Now, Castagno’s book doesn’t really compare to either of these sweeping (and at time, heart-wrenching) volumes, and Tuscany‘s weakness is that it’s told as a series of vignettes, each chapter dedicated to a single character, with no story continuing past a handful of pages. There’s a sense of the landscape (“Chianti is mostly lovely rolling woodland that begins just south of Florence and extends all the way to Siena”), of the food, of the village life and changing times, but the reader isn’t allowed the time to bask in any of these elements.

The book is organized into seemingly arbitrary hours in the day. 9:49 a.m.; 2:31 p.m. It’s a clever idea (these stops on the clock represent the time at which the author had some experience which triggered a memory leading to a story from his past) that falls short. The problem is, the stories, which make up the bulk of the chapters, don’t relate to 9:49 a.m. or 2:31 p.m. Nor are the stories in any sort of chronological order, or organized by seasons, so there’s a sense of bouncing through the decades with random stops for a new time to be read off a pointless wristwatch.

“I remain in contemplation for awhile, perched on the highest branch of the tree. I, too, feel eternity ebb around me as I face my old house, which represents the past, stirring more memories …” Castagno recites at the opening of one tale.

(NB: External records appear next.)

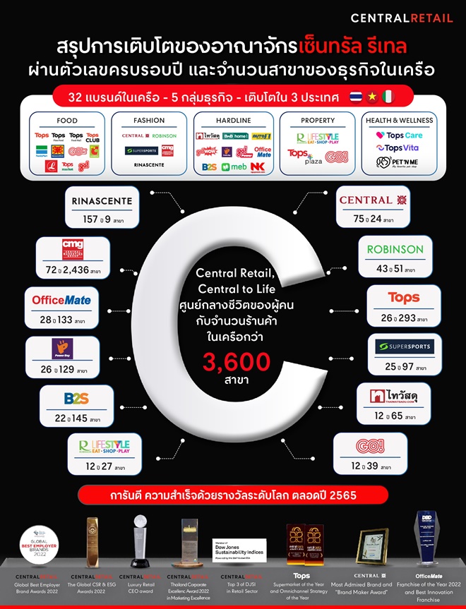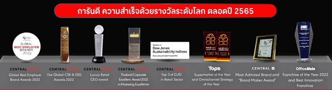 - กลุ่มธุรกิจในเครือเซ็นทรัล รีเทล คว้า 23 รางวัล เป็นกำลังสำคัญในการสร้างการเติบโต อาทิ
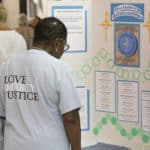 Providence Associate Beverly Adams checks out the Providence Circle informational posters.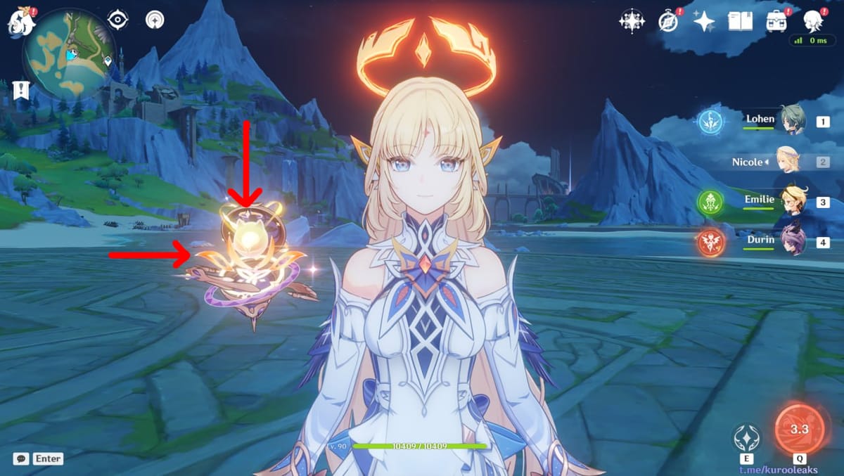 Otro punto destacado importante es su ataque cargado, que presenta a un compañero Seelie visible. Según la imagen filtrada, el Seelie se manifiesta durante el ataque, actuando posiblemente como un indicador visual o incluso como una extensión funcional de sus habilidades. Esta característica ha llevado a especular que el kit de Nicole podría girar en torno a entidades invocadas o construcciones de apoyo, añadiendo profundidad a su estilo de combate.

This is how he leads the reader from his present-day musings to his tales of child and young adulthood. There’s a sweetness in the author’s telling, and his sensitivity and poetic leanings are apparent, but still the stories fall just short of revelatory.

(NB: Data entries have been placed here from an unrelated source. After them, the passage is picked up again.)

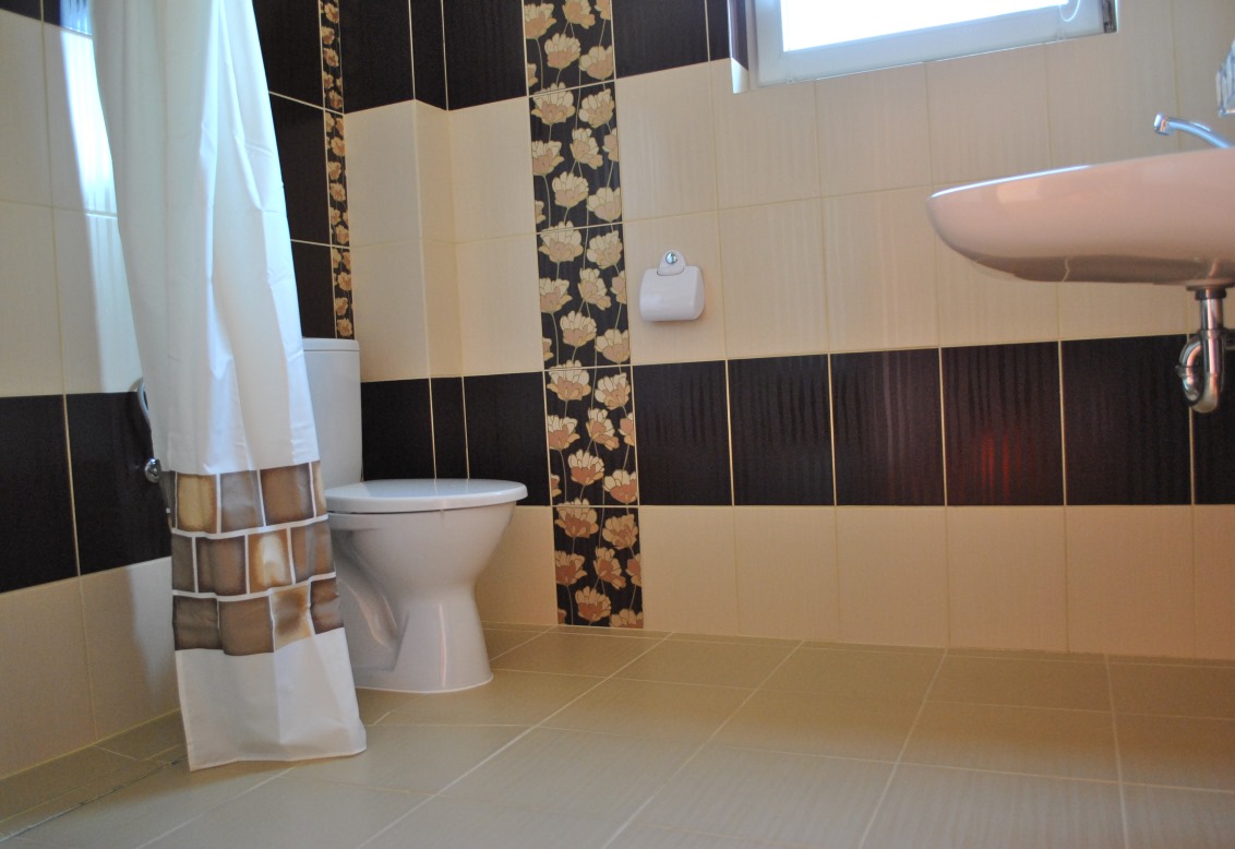 Pokoje na parterze posiadają bezpośrednie wyjście na wspólny taras na którym są stoły i ławki dla każdego pokoju.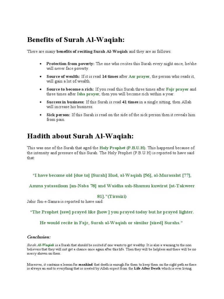 “surah al waqiah is the surah of wealth, so recite it and teach it to your children” [ibn asakir] prophet (saw) said that: The prophet muhammad (pbuh) said: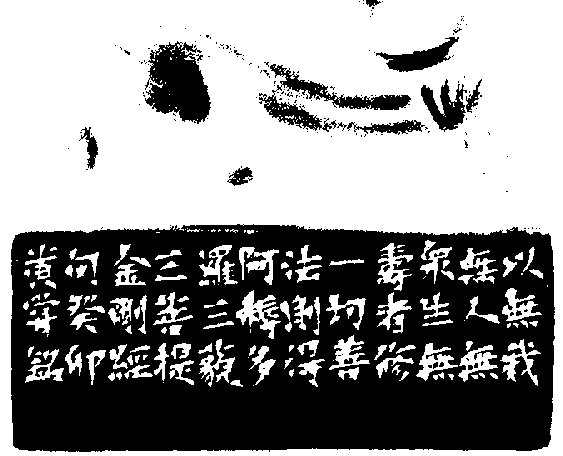 黃嘗銘.七十歲/刻〔無我無人無眾生無壽者〕正方朱文印。邊款為【以無我、無人、無眾生、無壽者,修一切善法,則得阿耨多羅三藐三菩提。《金剛經》句。癸卯,黃嘗銘。】老撾田黃石。雙螭鈕。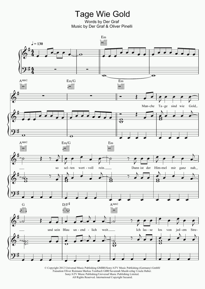 Tage Wie Gold Piano Sheet Music OnlinePianist
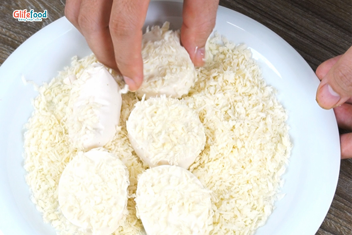 Đậu hũ non cắt miếng rồi lăn qua bột chiên xù.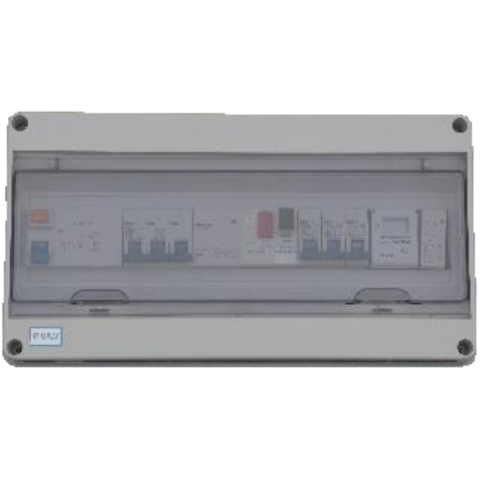 Kapcsolószekrény - F2VK - EHP - P2 Ez a kapcsolószekrény számos hasznos funkcióval rendelkezik, ideális elektromos vezérlési feladatokhoz: Áramvédő kapcsoló: 30 mA Maximális feszültség/áram: 230 V/10 A Szűrés vezérlés: Időkapcsolóval, legfeljebb 1,2
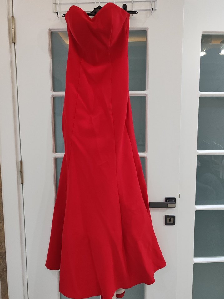 Drapeli, straplez, kırmızı parlak kumaştan uzun ve dar kesim abiye elbise. Düğün için modern klasik ve minimalist tarzda, kolsuz tasarım.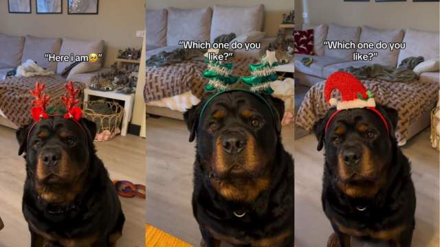 What’s made this video of a Rottweiler take off — tens of thousands of likes and counting — is how genuinely excited Dyce seems about the whole “Christmas tiara showcase.” There’s no sense that he’s being coaxed into it. The second that first sparkly accessory appears, he’s already posing like a pro who knows all his good angles.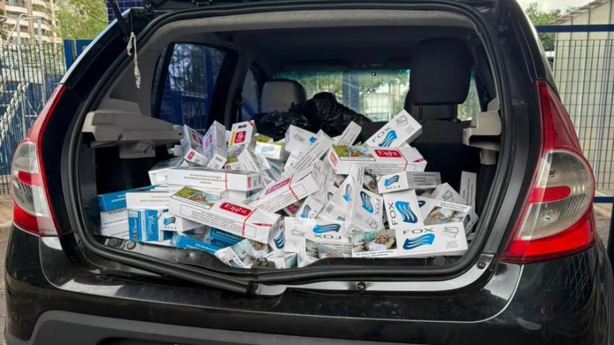 Durante o trabalho de fiscalização, as equipes abordaram um veículo no bairro Vila Portes, que transportava dezenas de maços de cigarros estrangeiros contrabandeados do Paraguai. Diante da constatação da irregularidade, o automóvel foi apreendido.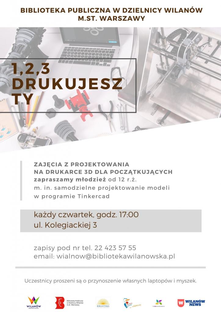 Zapraszamy cię zatem na zajęcia projektowania na drukarce 3D dla początkujących „1,2,3 drukujesz Ty”. Spotkania dla młodzieży od 12 roku życia będą odbywać się w czwartki o godzinie 17:00 w Bibliotece przy ul. Kolegiackiej 3. W czasie warsztatów uczestnicy nauczą się obsługiwać program Tinkercard, poznają rodzaje filamentów oraz zaprojektują i wydrukują wymyślony przez siebie projekt. Uczestnicy proszeni są o przyniesienie własnych laptopów i myszek.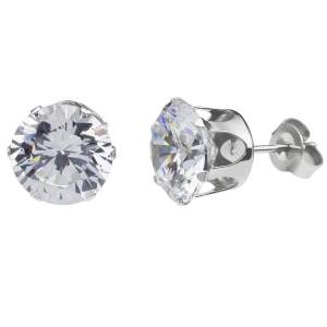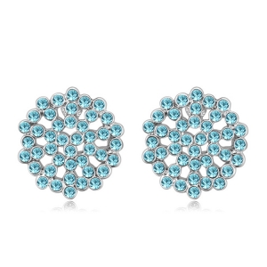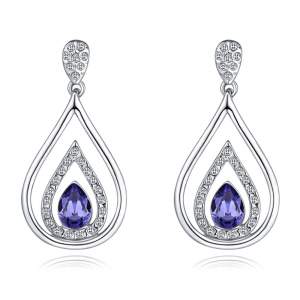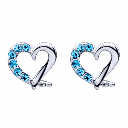 Hermosos aretes en baño de oro blanco de 18 quilates, diseño de corazón con incrustraciones de cristales en color azul. Fabricado en una estructura de aleación de platino con rodio sin níquel.

“‘Urka, Dario, you know at my age I’ve learned ugly women don’t exist, its all a matter of the wine you drink!’” Says one character. There are these golden moments of a good anecdote, and Castagno’s cast of acquaintances — living and dead — are all deserving of entire books of their own. Strangely, the one character woven throughout the text, Castagno’s ex-girlfriend (wife, maybe?) Cristina, is never fleshed out. We’re told that he misses her, that she’s left and he doesn’t know why, and that, were she there, he’d be telling these stories to her. And really, that’s how this book comes across. As the sweet, end-of-day musings one lover might murmur to another. Pillow talk between two kindred souls who know each other’s back-stories and can jump into an anecdote without much lead-in. Personally, I was all-consumed with figuring out what happened to the wayward Cristina. I read ahead. I searched his website. I did a Google search. I came up empty handed.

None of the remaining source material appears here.